3. General cleaning up and commenting the code

   This issue is controversial. My way of fixing bugs is not just
fix them, I also want to program defensively, make it difficult to
make new errors. Thus I have heavily reformatted and reorganized
those files that I have had to touch. Some functions have been
renamed intentionally to catch all uses of those functions [because
the functions semantics or calling sequences have been changed].

   This release (2.4) will be the last IRC version I'm contributing
to. If you have any wishes or complains about the code or functioining
of IRC, use the source or ask whomever it happens to be the current
developer.

HISTORY

   There have been many different versions of IRC and many of those
versions are still in use. The following attempt to bring some
clarification to the versions. This starts from 2.01.6, hopefully
no servers are running older versions...

	...
	...
	2.01.6	A version from WiZ in summer 1989
	...
		2.01t6	A series of releases, which contained minor
		2.01T6	adjustements and bug fixes to the base version.
		2.01u6	Some of those fixes caused extra errors, of
		2.01U6	this series versions 2.01U6 and 2.01v6 are at
		2.01v6	least known to be rather stable.

	2.1.0	Mike Bolotski created these versions from the sources
	2.1.1	of 2.01U6, but unfortunale some devious bug crept in
		and caused a lots of linking problems (the nasty "ghost
		server problem" splintered the net constantly). These
		versions must be deleted on sight :) [Autumn 1989]

	2.2	This version is the 2.01v6 sources repackaged into
		multiple directories by Mike again. Probably nobody
		is running this base version, because is was promptly
		followed by two patch releases [Autumn 1989]

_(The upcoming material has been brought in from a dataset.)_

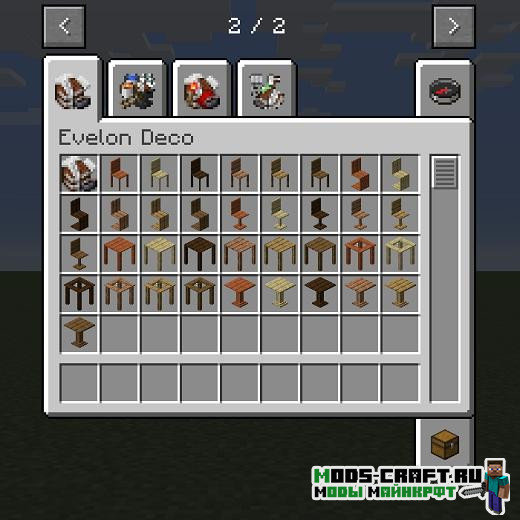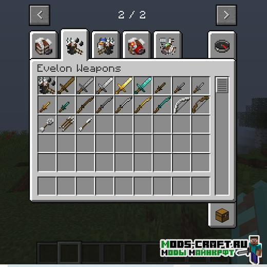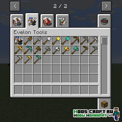 Planet Evelon — это глобальный мод, который расширяет Майнкрафт во всех направлениях: добавляет новые декоративные блоки, бочки-хранилища, специальная печь с новыми рецептами, а также улучшенные стандартные инструменты и оружие.
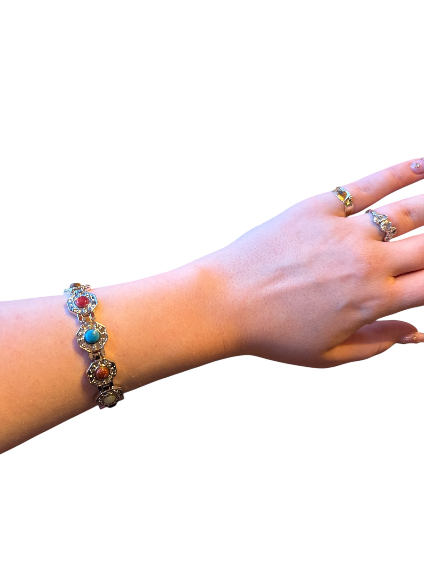 Silfrað armband með litríkum steinum

		2.2PL0	These two are the last major "official" releases
		2.2PL1	and most of the servers upgraged to either of
			these.

	2.2msa	Unfortunately 2.2PL1 version had a tendency to die
		mysteriously very often. So, I started to look into the
		code from March 1990 and that resulted a series of
		patches to the 2.2PL1 server code, but finally
		decided to release full server code releases of which
		few have got wider distribution

		2.2msa.4
			Has most of the known PL1 bugs fixed and seems
			to be very reliable. But once servers started
			staying up, a new problem appeared: socket
			buffers started getting full and servers tended
			to freeze very often for long intervals.

	2.3alpha
	2.3	Is an attempt to make an official release from 2.2msa.4
		code, but hassles with changed copyrights make this
		version unacceptable. Besides, 2.3alpha or 2.2msa.4 are
		now obsolete, old versions :)

	2.2msa.x
		To solve the freezing problems, the server code is changed
		to use non-blocking sockets.

		2.2msa.7
		2.2msa.9
			Are intermediate test versions, of which .9 seems
			to have most of the problems solved.

		2.2msa.10
			Never released. This is slightly improved version
			of msa.9, some new features.

	2.4	Is a release which combines 2.2msa.10 and Chelsea's
		modifications to the server. Also, this release has
		once again reorganized the directories and makefiles.